EXERCISE GOAL
Skip every picture, then write out exactly the lines of the listing below from the line that contains "铁岭市开原市新城街道凤翔社区社区曹明学习心得" through the final line.

------ DATASET CONTENT ------

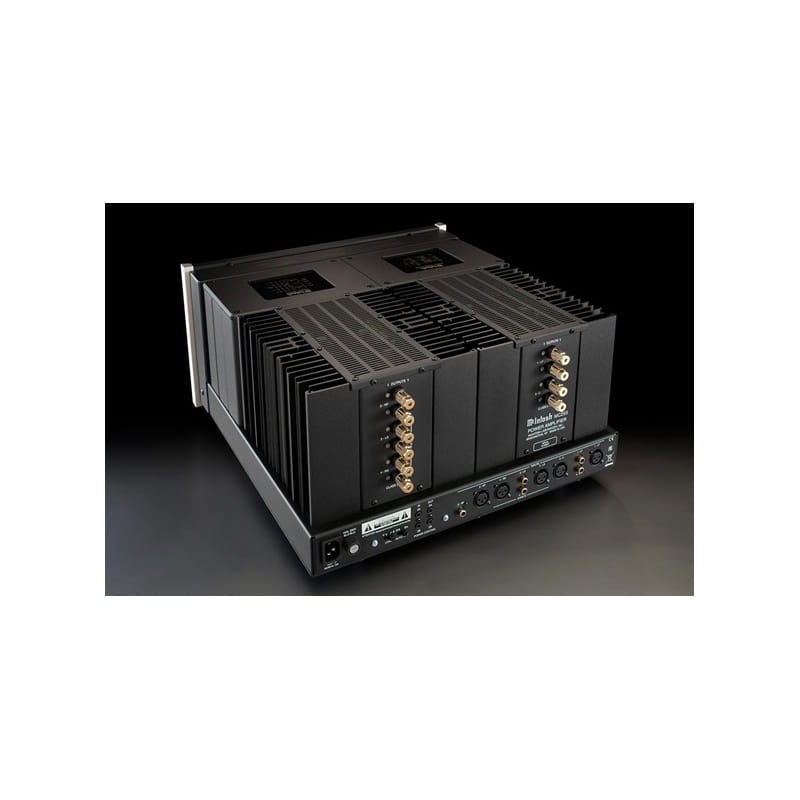 Cztery monitory McIntosh Monogrammed Heatsinks ™ są widoczne, gdy patrzy się na górę urządzenia, podobnie jak transformator i zasilacz.
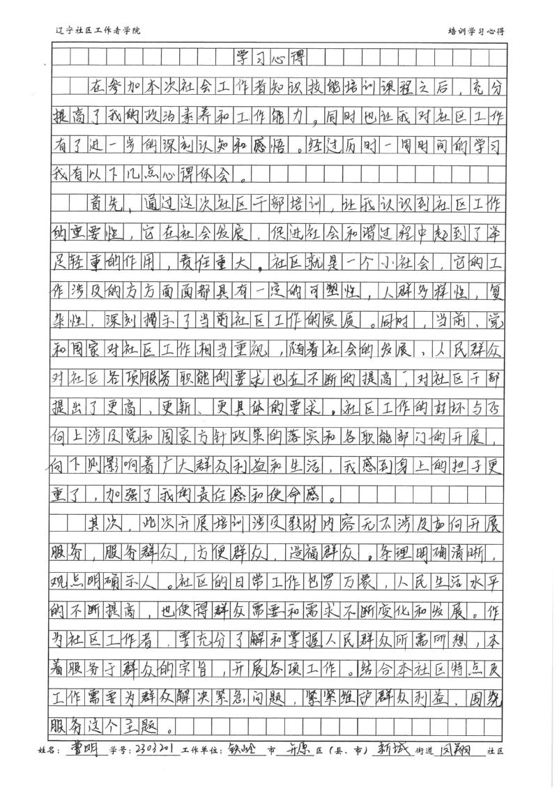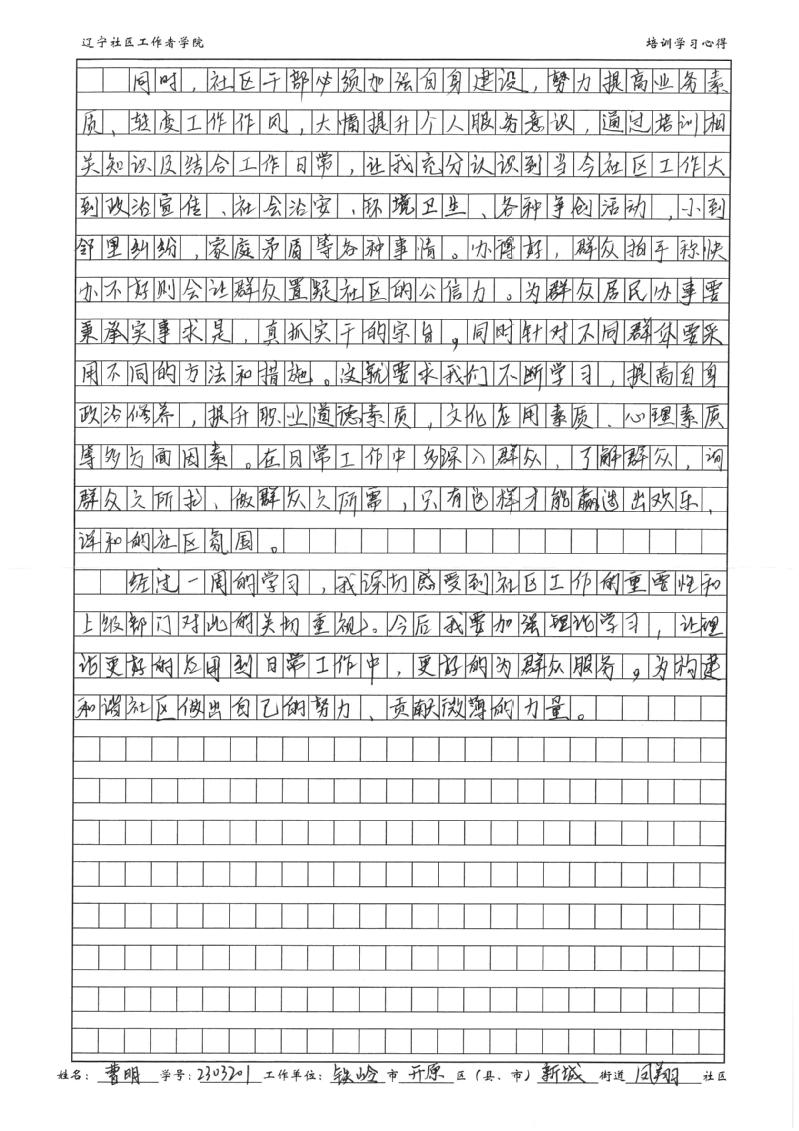 铁岭市开原市新城街道凤翔社区社区曹明学习心得
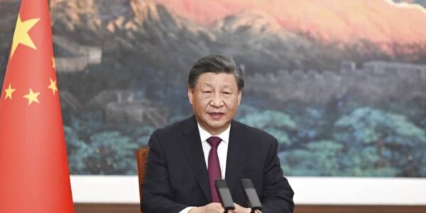 Published by 新華社通信 24日、ビデオ方式であいさつする習近平氏。…

------

SOLUTION FOR THIS EXERCISE
 铁岭市开原市新城街道凤翔社区社区曹明学习心得
 Published by 新華社通信 24日、ビデオ方式であいさつする習近平氏。…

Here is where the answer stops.